> THE PROBLEM
Copy each line below exactly and leave the pictures out.
________________
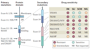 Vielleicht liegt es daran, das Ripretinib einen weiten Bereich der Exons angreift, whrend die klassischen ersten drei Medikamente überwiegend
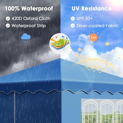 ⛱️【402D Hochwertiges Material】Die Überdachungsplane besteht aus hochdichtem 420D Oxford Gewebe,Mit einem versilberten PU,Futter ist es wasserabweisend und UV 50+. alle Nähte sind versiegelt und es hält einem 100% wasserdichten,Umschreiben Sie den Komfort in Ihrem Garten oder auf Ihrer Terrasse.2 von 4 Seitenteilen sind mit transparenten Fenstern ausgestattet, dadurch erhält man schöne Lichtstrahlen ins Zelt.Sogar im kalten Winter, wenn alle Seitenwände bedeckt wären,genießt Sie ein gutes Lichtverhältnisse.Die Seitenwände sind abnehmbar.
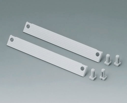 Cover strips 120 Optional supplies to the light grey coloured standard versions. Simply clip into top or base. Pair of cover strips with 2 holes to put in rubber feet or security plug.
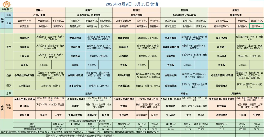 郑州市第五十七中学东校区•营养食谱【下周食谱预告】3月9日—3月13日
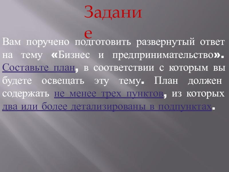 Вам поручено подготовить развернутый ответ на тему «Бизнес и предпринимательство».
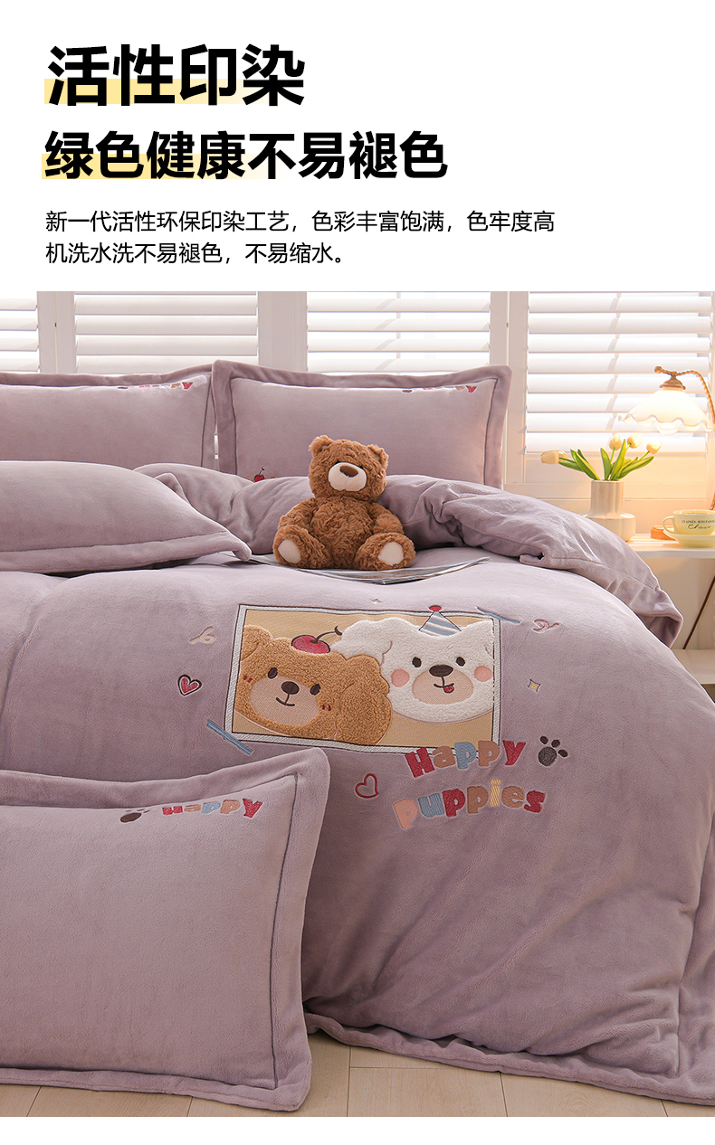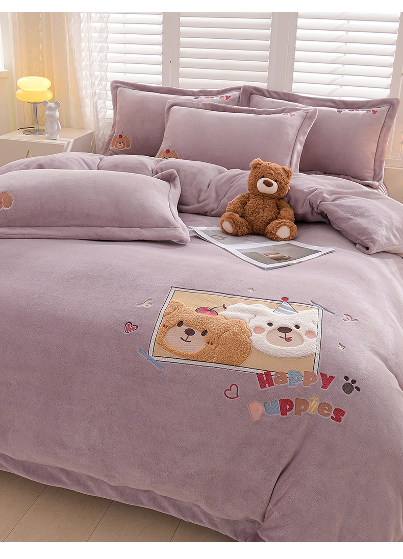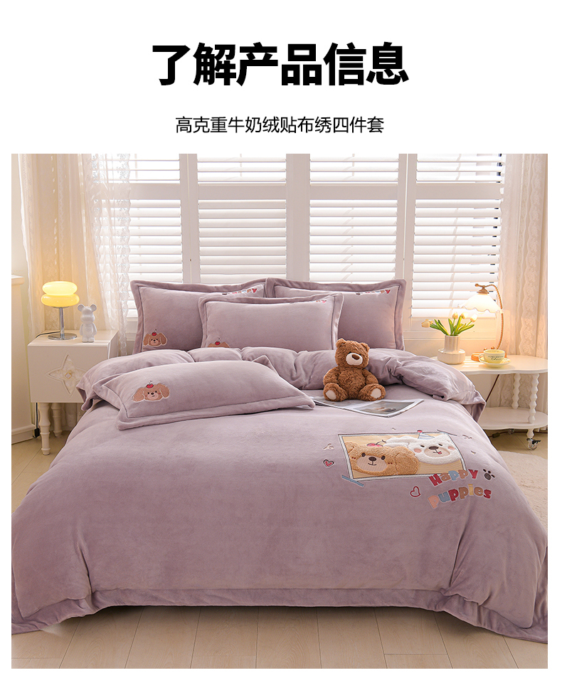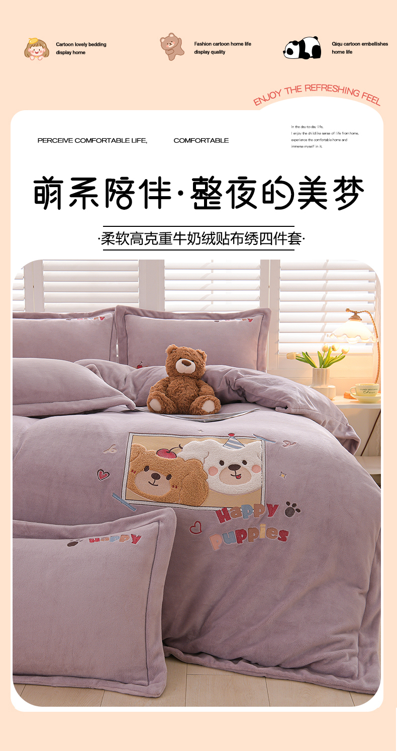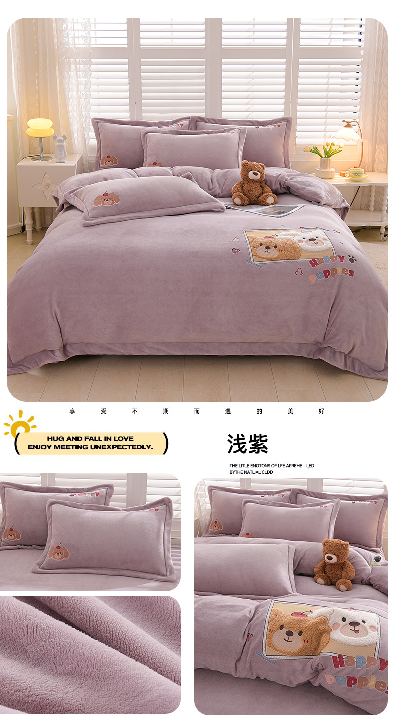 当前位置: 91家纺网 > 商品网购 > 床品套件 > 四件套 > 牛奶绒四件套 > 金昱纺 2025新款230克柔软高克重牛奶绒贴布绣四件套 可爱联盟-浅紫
________________
> RESPONSE FOR THIS EXERCISE
 Vielleicht liegt es daran, das Ripretinib einen weiten Bereich der Exons angreift, whrend die klassischen ersten drei Medikamente überwiegend
 ⛱️【402D Hochwertiges Material】Die Überdachungsplane besteht aus hochdichtem 420D Oxford Gewebe,Mit einem versilberten PU,Futter ist es wasserabweisend und UV 50+. alle Nähte sind versiegelt und es hält einem 100% wasserdichten,Umschreiben Sie den Komfort in Ihrem Garten oder auf Ihrer Terrasse.2 von 4 Seitenteilen sind mit transparenten Fenstern ausgestattet, dadurch erhält man schöne Lichtstrahlen ins Zelt.Sogar im kalten Winter, wenn alle Seitenwände bedeckt wären,genießt Sie ein gutes Lichtverhältnisse.Die Seitenwände sind abnehmbar.
 Cover strips 120 Optional supplies to the light grey coloured standard versions. Simply clip into top or base. Pair of cover strips with 2 holes to put in rubber feet or security plug.
 郑州市第五十七中学东校区•营养食谱【下周食谱预告】3月9日—3月13日
 Вам поручено подготовить развернутый ответ на тему «Бизнес и предпринимательство».
 当前位置: 91家纺网 > 商品网购 > 床品套件 > 四件套 > 牛奶绒四件套 > 金昱纺 2025新款230克柔软高克重牛奶绒贴布绣四件套 可爱联盟-浅紫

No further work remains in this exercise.